The group scored inauguration tickets from U.S. Rep. Mike Quigley (D-Chicago), were invited to the VIP constituent breakfast of U.S. Sen. Dick Durbin (D-Ill.), met then-Education Secretary Arne Duncan and also got to hear a speech by Dr. Clarence Jones, a confidant of the Rev. Martin Luther King, with the inauguration falling, not coincidentally, on the King holiday in 2013.

"I'm a history buff," Vincent said. "I am a political junkie. And to this day I still have to pinch myself that I was able to give my kids that experience.

"The kids really understood what a special experience it was, as did the community," she added.

"So fast forward, and it's like, 'We're going to take the kids again,' and I was like, 'Okey-dokey artichokey.'"

Last month's election results didn't change that.

"When the election results came out, some of the kids dropped out and other kids dropped on," Vincent said. "Most of our population is disappointed with the results. But I think it's a huge learning opportunity."

It's a lesson, she said, in "how important it is to participate in civics. You can never be too young to start understanding this stuff."

Part of that, she said, is understanding the need for decorum in the peaceful transition of power.
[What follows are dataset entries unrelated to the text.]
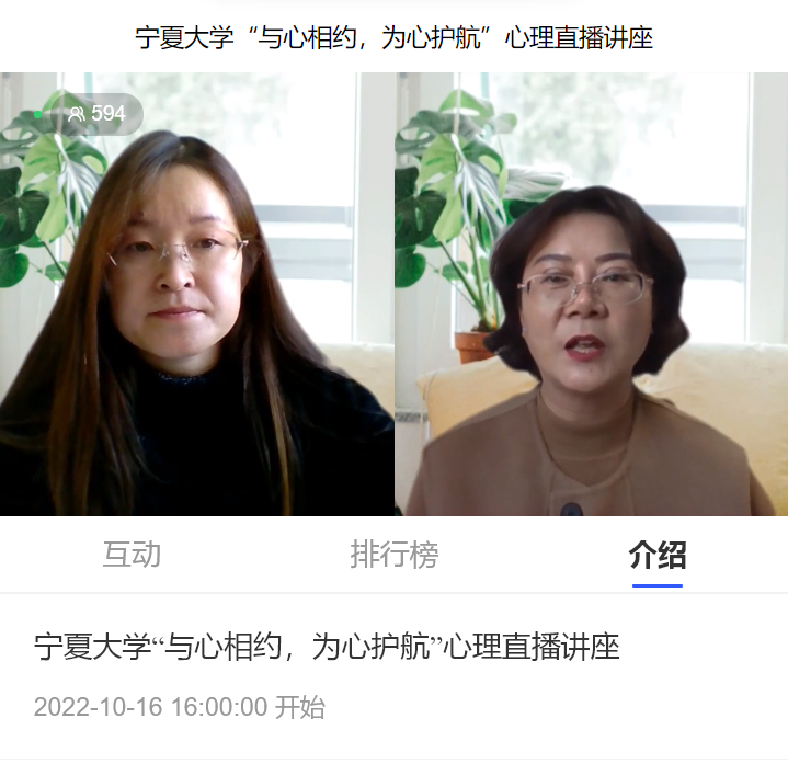 为增强学生和家长的抗疫信心,缓解家长对学生的担忧情绪,我校于10月16日下午举办了“家校协手,为心护航”心理直播讲座。讲座由宁夏大学学生工作部(学生处)和宁夏大学学生心理健康咨询中心主办,宁夏大学副教授潘瑞、副教授秦莉主讲,隔离学生家长近860人聆听了讲座。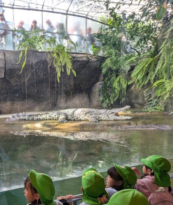 2024年11月26日(火) 日々の出来事 < お知らせ 東山動物園 春は、天白公園での親子遠足。 秋の遠足は、学年ごとに違う行き先へ。 年長児は、毎年、地下鉄を乗り継いで、東山動物園に行きます。 運動会や猿投山登山を終えて、体力のついた5歳児さんなので、 余裕をもって、安全に乗り換えや見学ができました♪ 真っ先に行ったのは、大勢の子が見たいと言っていたコモドオオトカゲ! その後は、ライオンやコアラ、ゾウにペンギン…。 スカイタワーの階段を登った自然動物館では、迫力あるワニを見つつ、 「あれ?動いてないよ」「本物?」と横からも上からも見て確かめていました。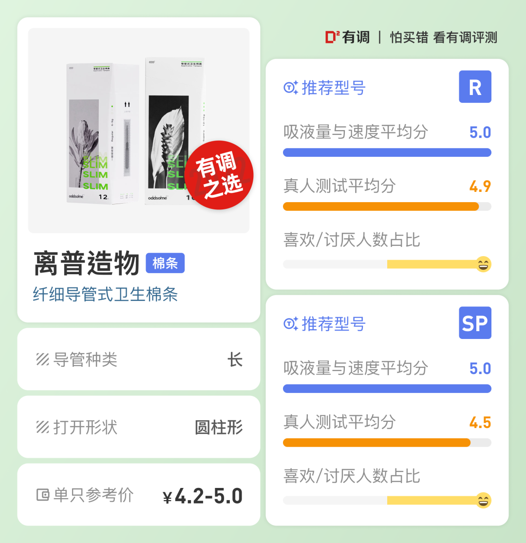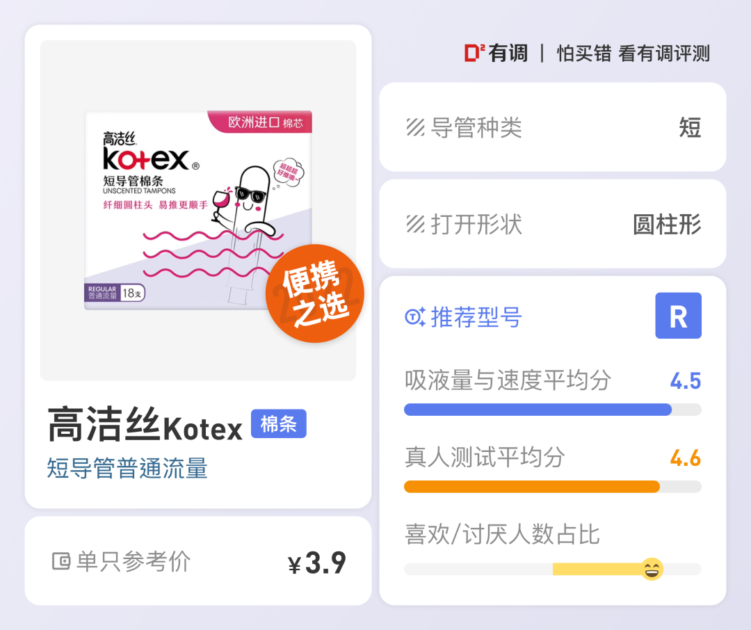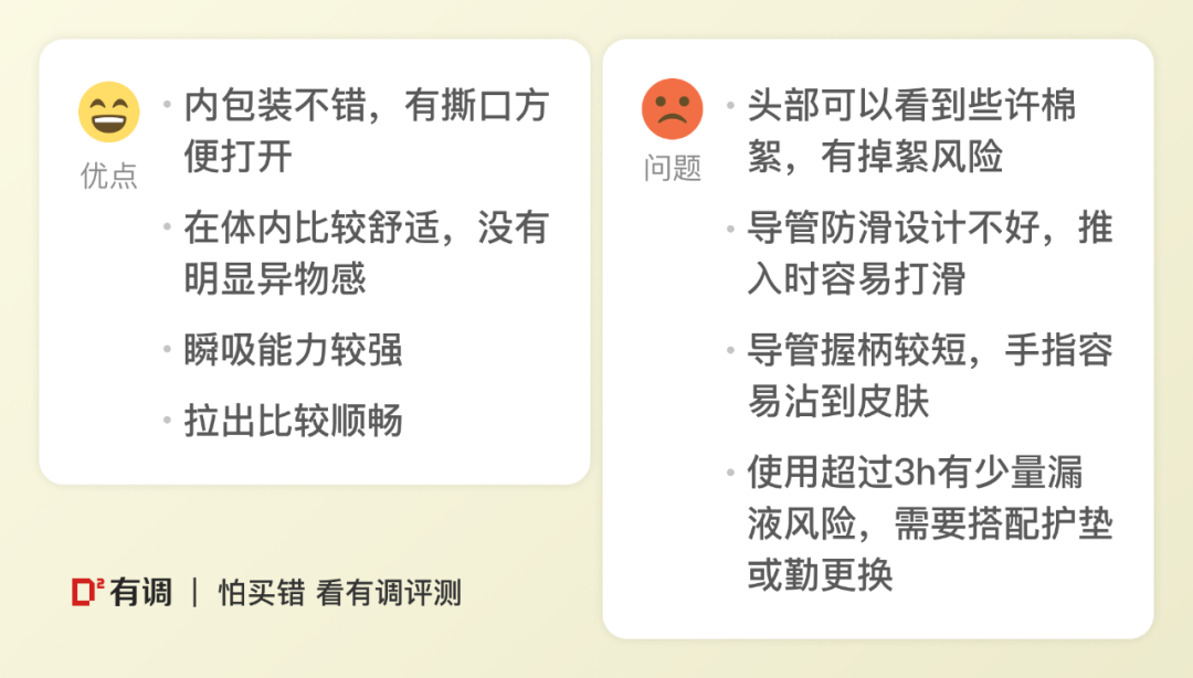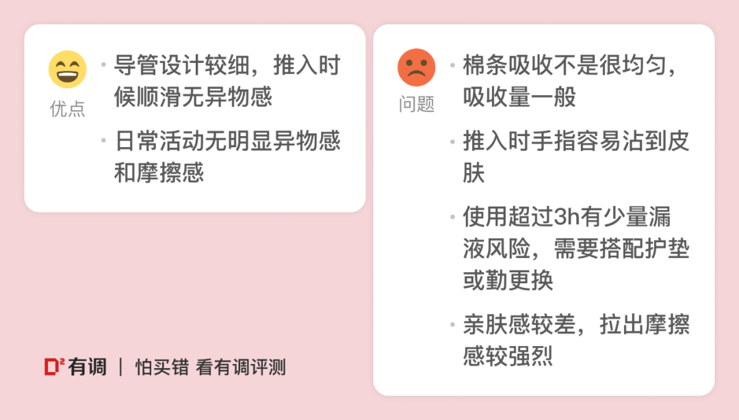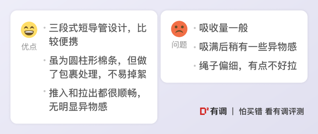 具体测试环节及打分结果可以参照棉条评测报告。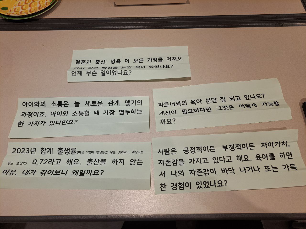 [육아와 페미니스트, 사전에 준비한 질문지에 대한 서로의 생각을 나누었다]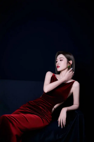 唐艺昕穿红丝绒露背裙性感妩媚 红唇烈焰尽显熟女姿态(5)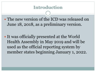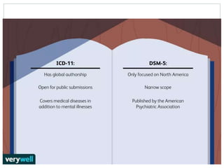 The document provides an overview of changes between the ICD-10 and ICD-11 classification systems for mental disorders. Some key changes include combining pervasive developmental disorders into autism spectrum disorder, removing schizophrenia subtypes, adding catatonia as a standalone diagnosis, and reorganizing anxiety and obsessive-compulsive disorders. The ICD-11 also aims to improve international applicability and be more digitally compatible. Overall, the document outlines many revisions to the ICD classification of mental disorders based on the latest evidence and alignment with the DSM-5 system.

"We've had to have some frank and honest conversation about 'don't engage, it may not be the time to share your opinion on some things,'" Vincent said. "I'm not saying, 'Don't have [opinions].' And the kids get it. I think it was an eye-opening moment for them to understand just how important all of this is and what a gift it is."

This year, Quigley was able to come through again with tickets in a secure area for the actual inauguration, which Vincent said was a priority this time around.

"I feel more relieved, because we're in a safer area, because there's a real air of uncertainty, in part because of the state of things," she added.

Making It Happen

Vincent has been at Alcott East, 2625 N. Orchard St., since she was a student teacher out of DePaul University in 2002. "It's the only school where I've taught," she said.

The school launched a traditional spring trip program for middle school students in 2011, with the first trip in 2012. Soon after, Vincent found out that their trip organizer, EF Explore America, also had a trip available the following year in sync with the inauguration.

"We had started out doing spring break trips, and this just sort of fell in my lap," she added.

When the opportunity presented itself again this year, the school jumped at it. Some students have been paying for it on an installment plan for almost two years.

In between, they made trips to Boston instead.

"A lot of our families go to Washington on their own. This was a little something different," Vincent said. "There's a whole lot of history in Boston."

It's also more walkable and, near Lexington and Concord, Mass., there's also the family home of the school's namesake, Louisa May Alcott. As it turned out, the Orchard House curators there were almost as excited to have students from Alcott School, on Orchard Street, as the students were to visit the house.

Now, however, it's back to Washington for the Trump inauguration. "This is one of the reasons why I'm a teacher — to do this stuff," Vincent said. The students, she added, are "anxious;" for some it's their first trip away from parents. "But once we get there, to watch them figure it out and see how lucky they are to get to do this is so crazy cool."

The students also are invited to an inaugural ball being organized by EF Explore America. "They're all excited," Vincent said. "They have such cute outfits."

The big day is nearing, for the students and for Trump.

"We leave in less than four weeks," Vincent said. "I wish every kid could get to go and do this. I think it would change the game, and people would understand how important it is to participate."